週刊『彰と朝陽』 ■しおりを挿む
むっ!殺気っ!─朝陽
変態な彰をデコピンしてからかうのは楽しーな。
って、こんな場所でイチャついてるオレも実は変態だ。
内緒だけど彰の匂いに欲情するし。
ところで、彰のデコがだんだん赤くなってきた。
そろそろ止めねーと…。
「もー、朝陽さん」
「デコピンしやすい彰のデコが悪い」
「するならキスがいい」
「所構わず発情すんなバカ」
「だって朝陽さんの唇、柔らかくてきもちーし」
「バ、バカ言うんじゃねー」
「ホントだし。なんも塗ってないのにピンク色だし」
「塗ってたら、おかしいだろ…」
「うん。
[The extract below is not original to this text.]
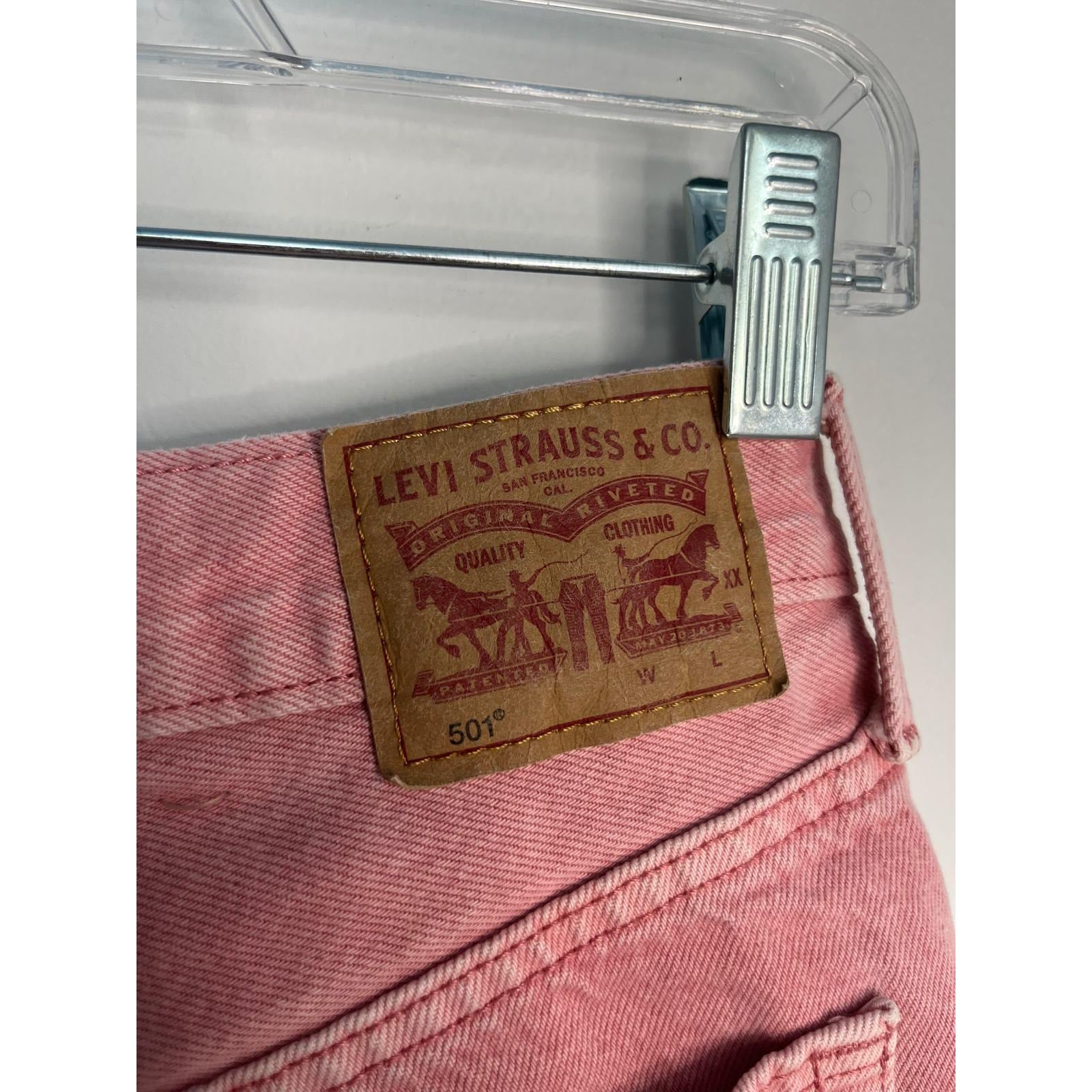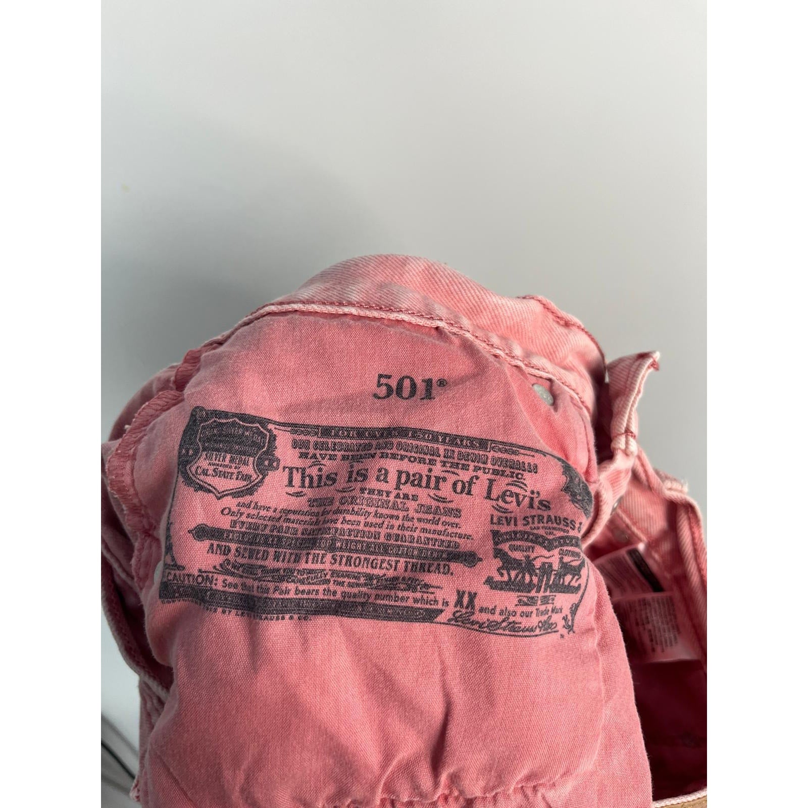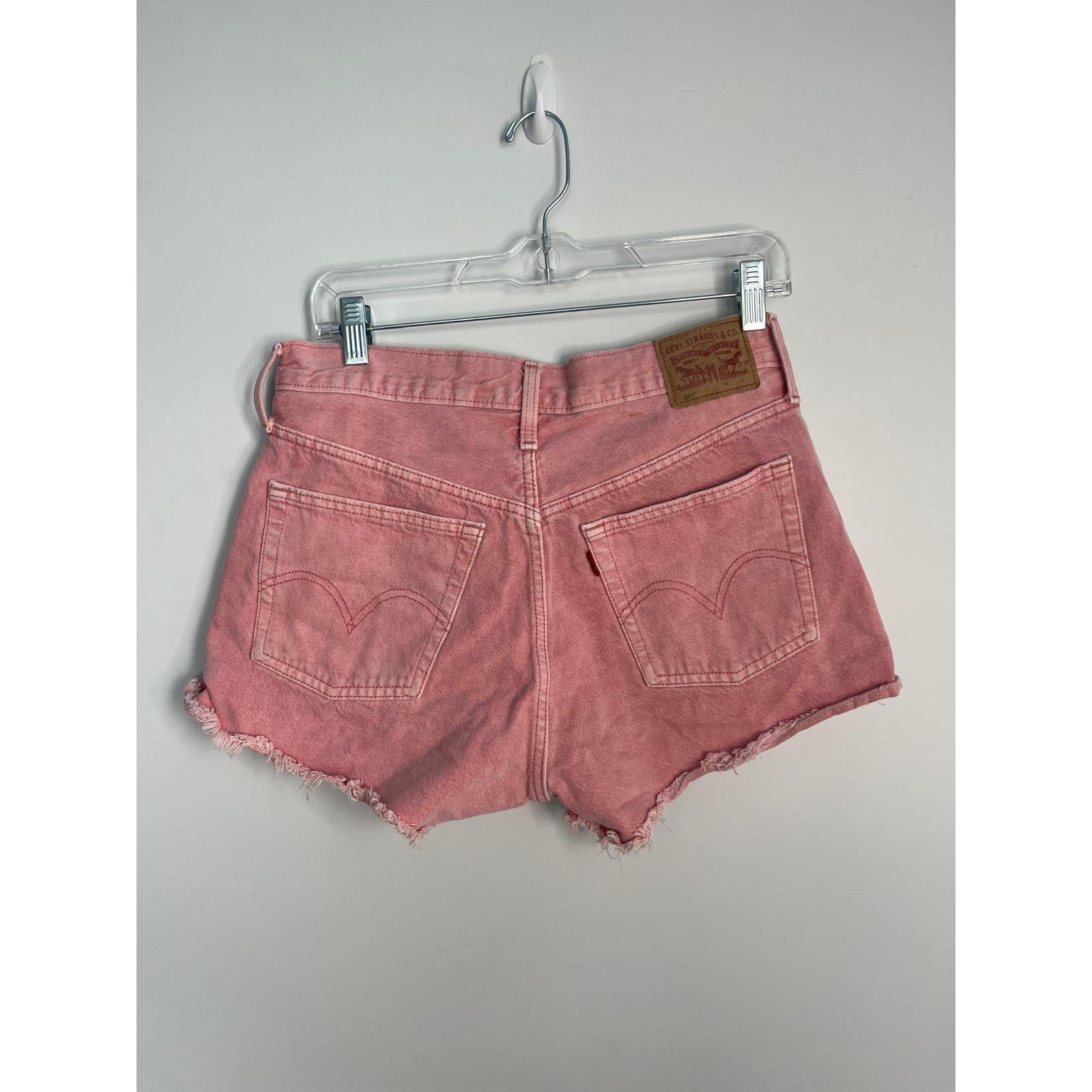 Classic Levi’s 501 button-fly cutoff denim shorts in a pink wash with a frayed hem. High-rise fit with traditional 5-pocket styling and distressed edges.

朝陽さんかわい」
「ここ、学校っ」
「ですよねー」
でも、辺りには誰もいねー。
だから特別に、ちょっとだけなら許してやってもいいかもしれね。
オレにも彰の変態が移ったか。
なんかドキドキしてきた。
「…彰」
「え…なに、朝陽さん」
「人いねーから…一回だけなら、してもいーよ」
「…っ、やべ」
「なんだよ…」
「鼻血が」
「お前…」
「ごめん、朝陽さん」
せっかくオレが、甘い空気にしてやったのに。
実家に耳鼻科も作ってもらえばいいんじゃね?
鼻の中、改造してもらえばいいんじゃね?
オレの誘いを台無しにしやがって!
ティッシュを探す彰を見上げてたら、なにか不穏な気配を感じた。
これはもしや、殺気か!?
「彰っ、伏せろ!」
「え」
「くそ、」
彰の膝に頭を乗せたまま、鼻にティッシュを詰めた彰の首に腕を回して引き寄せた。
彰の頭上を掠めて、向こうにバサリと落ちる重そうな袋。
白い袋から飛び出した中身は…ビニール袋に入ったパン?
「ん、んんっ」
彰がくぐもった声を漏らした。
あ、キスしてるわけじゃねーよ?
「あー…当たらなかったか」
彰が背にしてた植え込みの向こうから…まさかの魔王が現れた!!!
「てめっ、魔王!復活しやがったのか」
「え、もしかして魔王って俺のことかな」
「なにしに来たんだ」
「朝陽に会いに」
「なんの用だ」
「もちろん、口説きに」
「なっ!」
彰の頭を抱き込んだまま魔王と会話してたら、彰に腕を叩かれた。
「朝陽、彰が窒息死する」
「あっ」
オレは慌てて彰の頭を解放した。